Barbie Attempts to Give Blood

Blood. It is a little icky and I don’t really want to see it spurting out of an open wound, but I am also not going to faint at the sight of a cut or a needle.  Recently, the nurse at the consulate organized a blood drive and after advertising it in my Panda Post, I figured I’d better support the cause and go donate some of my own oozy, red fluid.

I had good intentions. I would like to make that very clear. Good intentions.

It started with me skittering out of a meeting and running back to my office to grab my ID, I went out to the alley where the blood bus was located. (Yes. This is legit. The donation was taking place in a bus. The bus was parked in the alley. It’s all good…) After filling in my official government form acknowledging that I do not have a communicable disease, that I have not taken aspirin in the last week, have not donated blood in the last six months and I am not currently (or within three days on either side) menstruating, I was allowed to enter the van.

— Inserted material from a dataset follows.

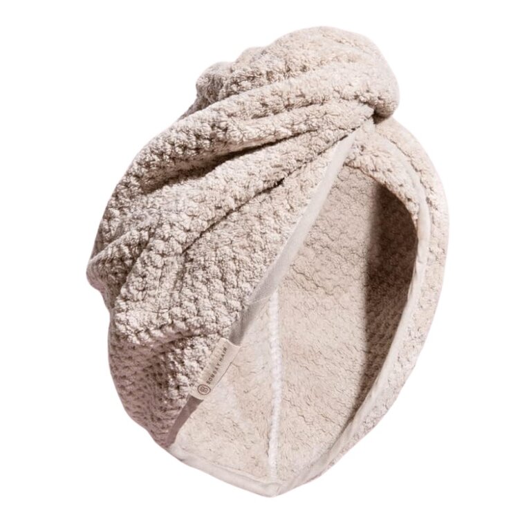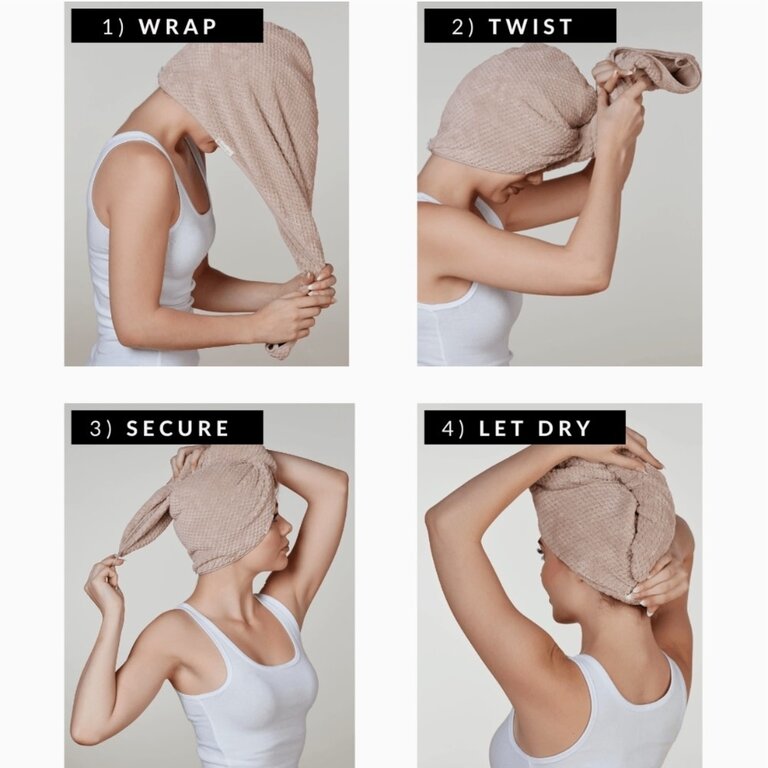 Réduisez de moitié le temps de séchage en enroulant vos cheveux dès la sortie de la douche. Le tissu doux et moelleux aide à sécher vos cheveux en douceur, contrairement aux serviettes traditionnelles qui créent des textures rugueuses.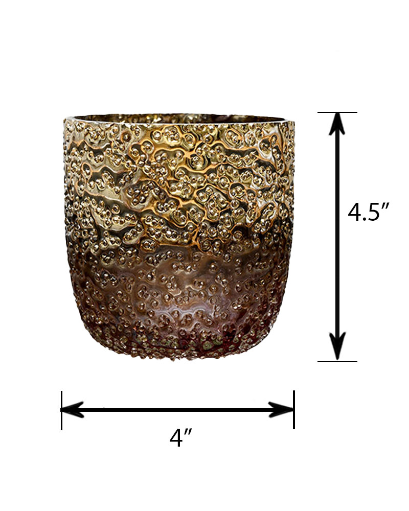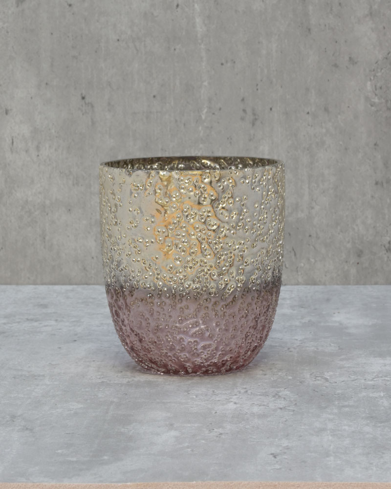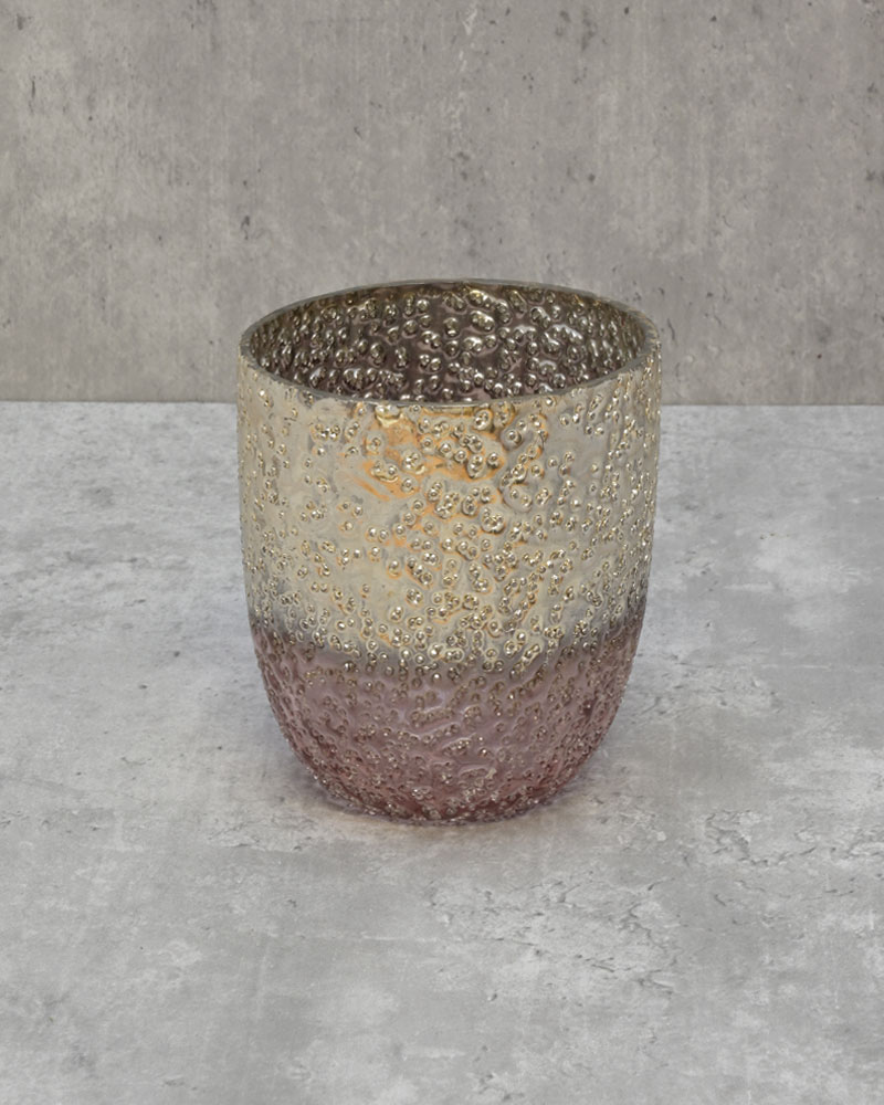 With a pink metallic lustre and a heavily textured finish, this container brings a bold and dramatic touch to any setting. Whether showcased on its own, paired with other sizes in the collection, or filled with a beautiful arrangement, it’s a statement piece that adds elegance and impact to your décor.

Upon arrival in the van, I was taken to a table where a nurse pricked my finger and then milked blood from the tip to put on a coded chart. She determined that I had type O blood, which was actually great information to have. You see, my whole life, I had been told that I was A-positive. Then, when Thad and I  were doing our medical forms for the Foreign Service, we had to have blood tests and one came back A-positive and one came back O. Thad’s paper said he was the A-positive, but I was convinced they must have mixed them up, because I had always been told that was my blood type and he didn’t know his, so I thought it could have been a simple data-entry mistake. (Plus, as a total over-achiever when it comes to school stuff, being A-positive would have fit with my nerd-like eagerness to always have the best score.) Now I know. I’m O.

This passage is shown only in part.